Three marked hiking paths start from Trg Borca and head into the Bjelasica Mountains. From the ski centre there’s a 16km, five-hour loop route through forest to Mt Ključ (1973m) and on to Eco Katun Vranjak before heading back. If you’re staying at the katun (traditional shepherd's mountain hut) you can take another scenic trail that knocks off Zekova Glava (2117m) and passes Lake Pešić (Pešićko jezero), skirting beneath Bjelasica’s highest peak. On the loop back it visits the spring that is the source of the Biogradska River before heading up Troglava (2072m). The 16km path is easy and well marked and should take less than five hours. For detailed descriptions and maps of both trails, pick up a copy of the Mountains of Bjelasica booklet available at either of the tourist offices.

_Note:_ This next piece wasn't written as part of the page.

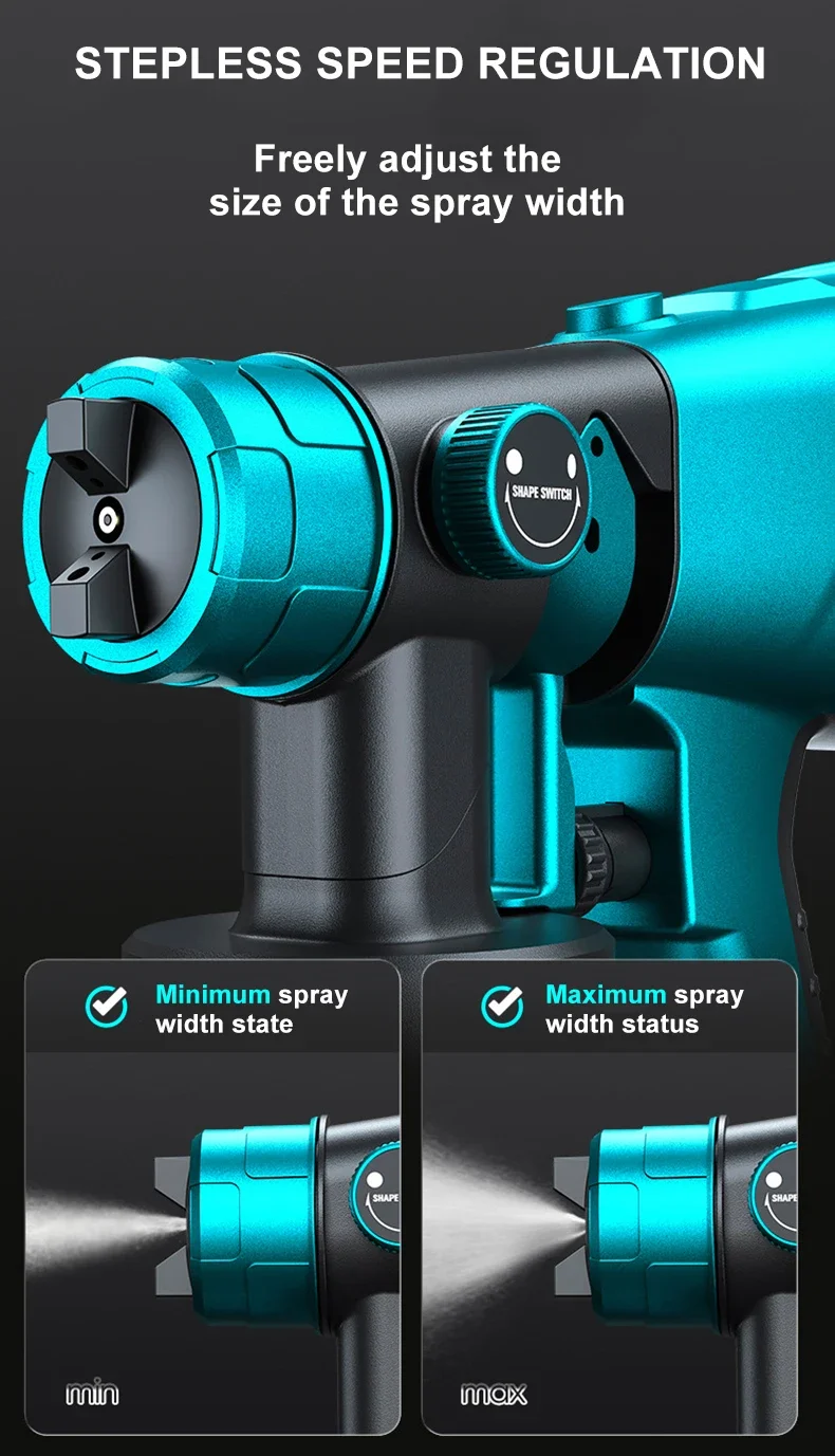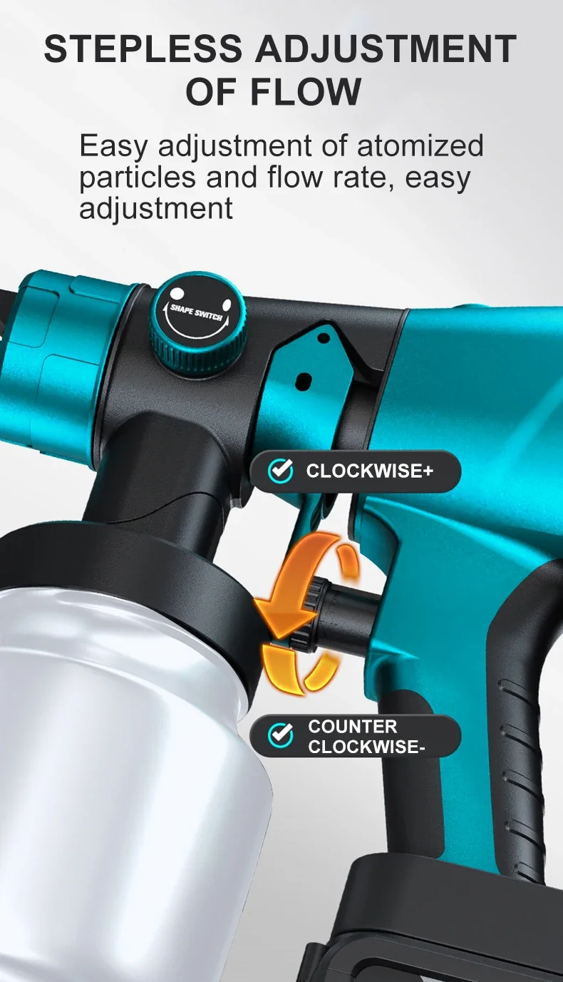 【Portable & Wide Application】The cordless paint sprayer is designed to be 2.5lbs, lightweight and portable, you can take it anywhere. Thus, the portable paint sprayer allows you to spray a various projects such as coating doors, windows, walls, fences, decking, ceilings, floors, cabinets, home furniture and other objects.

A 93km mountain-biking route runs through remote countryside from Podgorica to Kolašin. There are plenty of places in Kolašin to hire bikes, so you could pick one up here, catch the train to Podgorica and cycle back over a few days.

Feature: The Bjelasica Massif

The Bjelasica massif dominates northeastern Montenegro with 10 grand peaks higher than 2000m. The unfortunately named Crna Glava (Black Head) is the highest at 2139m.

Any preconception you may have of Montenegro’s mountains as grey and barren will be shattered as the snows recede and reveal virgin forest (within the protected environs of Biogradska Gora National Park) and meadows teeming with wildflowers. In the higher pastures you’ll find katuns, round thatched structures that have been used for centuries by seminomadic shepherds when they bring their flocks here in summer. It’s a much more forgiving environment than the Orjen, Lovćen or Durmitor ranges, and therefore easier to explore.

Trails are accessed from the towns that encircle the mountain: Kolašin, Mojkovac, Bijelo Polje, Berane and Andrijevica. The best times for hiking are at the end of summer and in autumn when the forests are a mash of colours. Be prepared for sudden drops in temperature and storms. Local tourist offices should be able to provide you with maps, information, advice, and contacts for guides. Otherwise, talk to one of the agencies specialising in adventure holidays. The excellent website has loads of useful information on year-round activities in and around the Bjelasica region.